PROBLEM DESCRIPTION: Include in the reply only the lines from the start of the data below through the line containing "This is a new", reproduced exactly and with no pictures.

DATA SECTION:
------------------------------

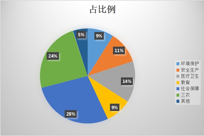 在西瓜视频公开 栏主动公开政府信息中,“三农”和社会保障占的比例较大,分别占了24%和28%,另外环境保护占9%、安全生产11%、教育占9%、医疗卫生占14%,其他占5%。
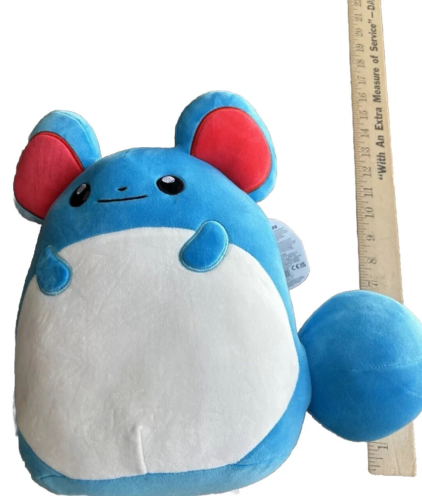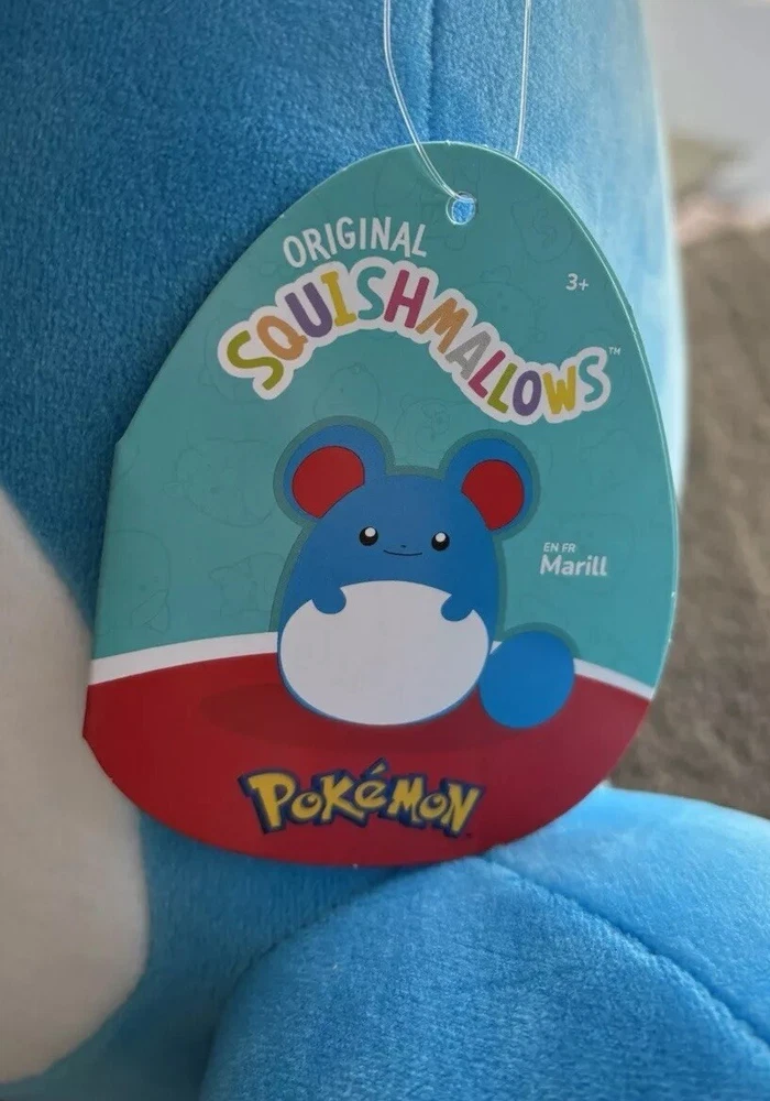This is a new Squishmallow stuffed animal featuring Marill, a character from the Pokemon universe. The plush toy is medium-sized, measuring 14-24 inches, and is designed to be soft and squishy, making it a great collectible for all ages. The toy is made by Squishmallows, a well-known brand in the stuffed animal industry, and is part of their Pokemon collection. Thanks for looking 👀!!!
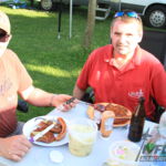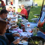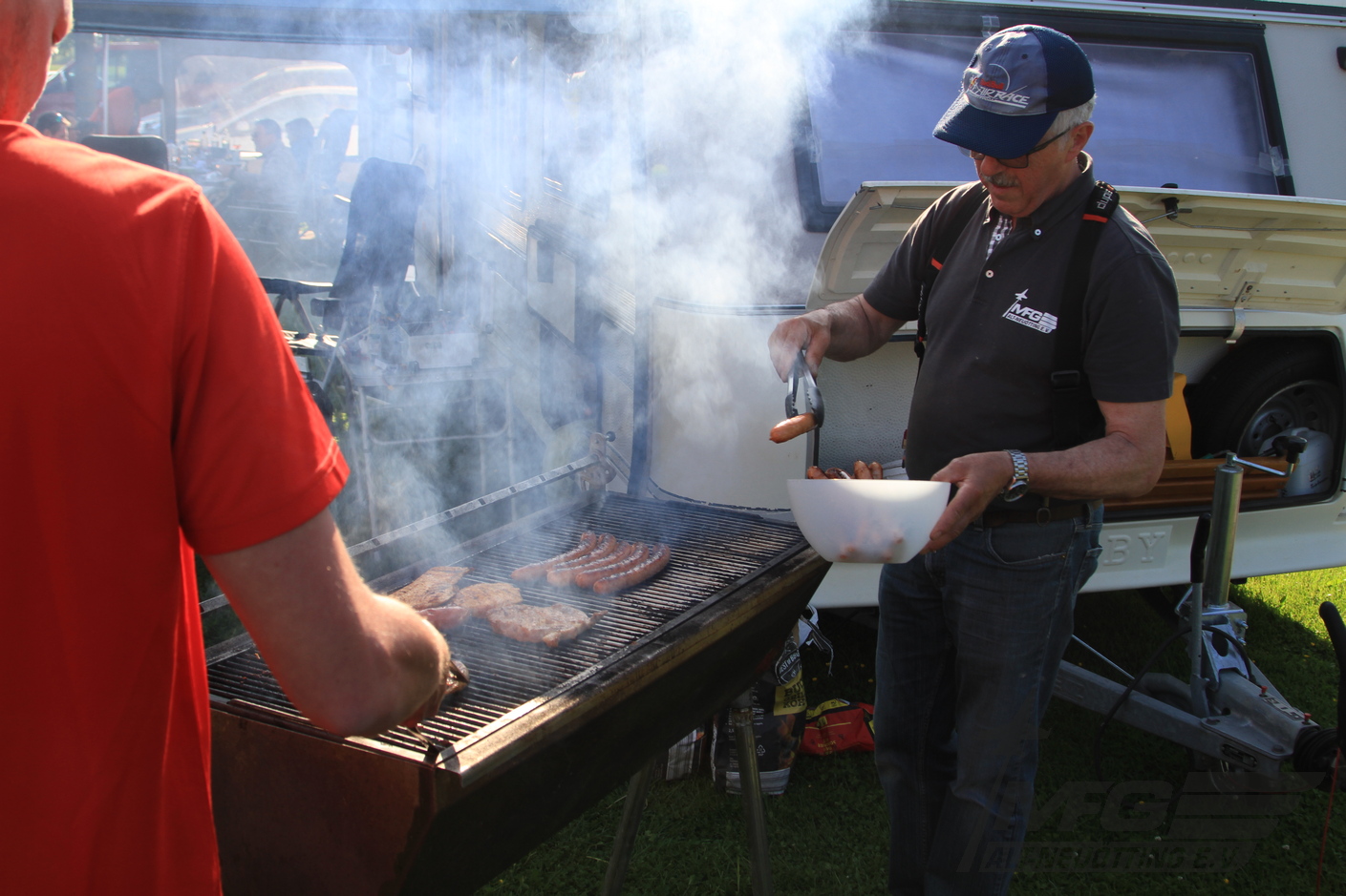 Neben dem Fliegen war der gesellige Teil gepflegt worden. Bei köstlichem Grillfleisch, Würstln und gegrilltem Gemüse, dem einem oder anderem Bier und gekühltem Wein konnte der Abend gar nicht lang genug sein. Eine besondere Köstlichkeit konnten wir von unserem Fliegerfreund aus Mücke genießen. Gegrillte Kartoffelwürste, einfach Spitze!
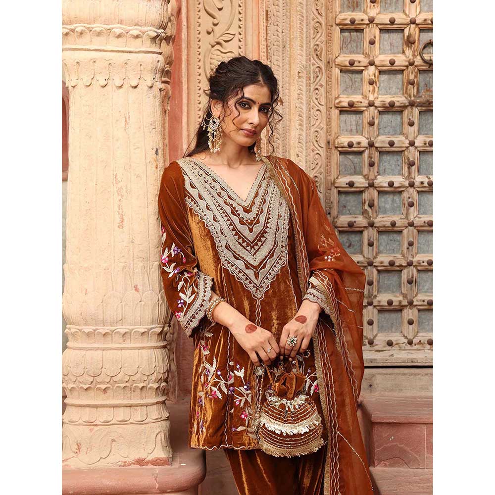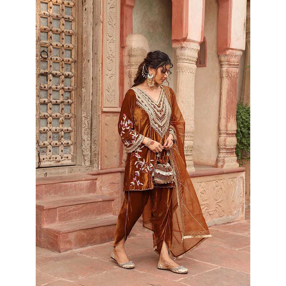 Honey Gold Dhoti with Short Kurta and Dupatta (Set of 3)

------------------------------

COMPLETED TASK:
 在西瓜视频公开 栏主动公开政府信息中,“三农”和社会保障占的比例较大,分别占了24%和28%,另外环境保护占9%、安全生产11%、教育占9%、医疗卫生占14%,其他占5%。
This is a new Squishmallow stuffed animal featuring Marill, a character from the Pokemon universe. The plush toy is medium-sized, measuring 14-24 inches, and is designed to be soft and squishy, making it a great collectible for all ages. The toy is made by Squishmallows, a well-known brand in the stuffed animal industry, and is part of their Pokemon collection. Thanks for looking 👀!!!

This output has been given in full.